Abraaj is now embarking on a sustainable-development investing campaign, internally known as "impact investing," which Mr. Naqvi defines as "making a return while doing good for society." Many of these investments are being made in clean energy and health care, and his enthusiasm for them earned him a spot on the board of the United Nations Global Compact, an initiative to encourage businesses to adopt sustainable and socially responsible policies.

I ask Mr. Naqvi if impact investing is a heroic, feel-good idea that doesn't work, in the sense that investors typically want the highest returns possible on their investment, and damn the consequences.
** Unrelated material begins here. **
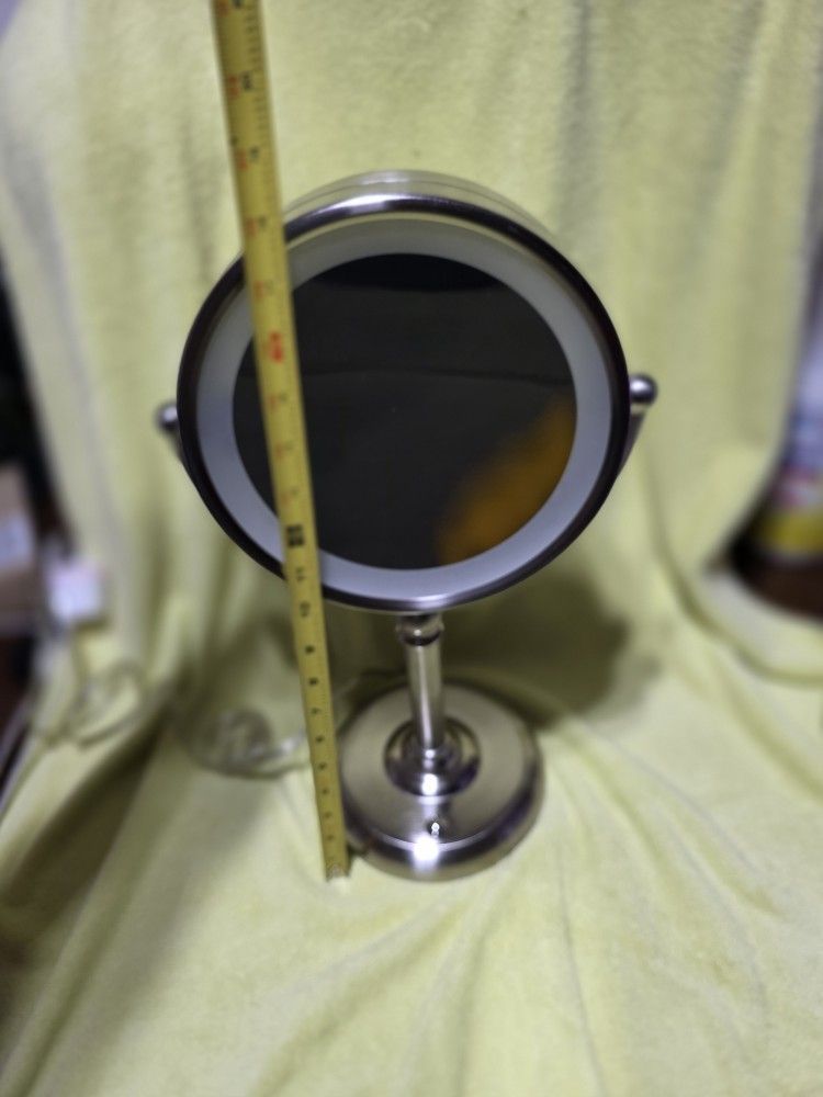 For sale is a two sided make-up mirror. It is lighted on both sides and is magnified. (See pics) Great condition!

He strongly disagrees, citing Unilever as an example of successful stakeholder engagement, where maximizing investor returns is not necessarily the priority. "Unilever is geared to a social message," he says. "Lifebuoy is not just about selling soap; it's about creating hygienic conditions."

Mr. Naqvi is probably one of Pakistan's richest men and is giving his wealth away. His family founded the Aman Foundation in Pakistan and endowed it with $120-million, which is used to subsidize health, education and women's-empowerment charities.

In spite of his gruelling schedule, he shows no sign of slowing down. There's too much money to make, too much money to give away, more work to be done to cement Abraaj's reputation as a competitor to the world's biggest – and largely Western – PE funds. "Retirement? That's up to the big boss," he says, pointing a finger to the sky.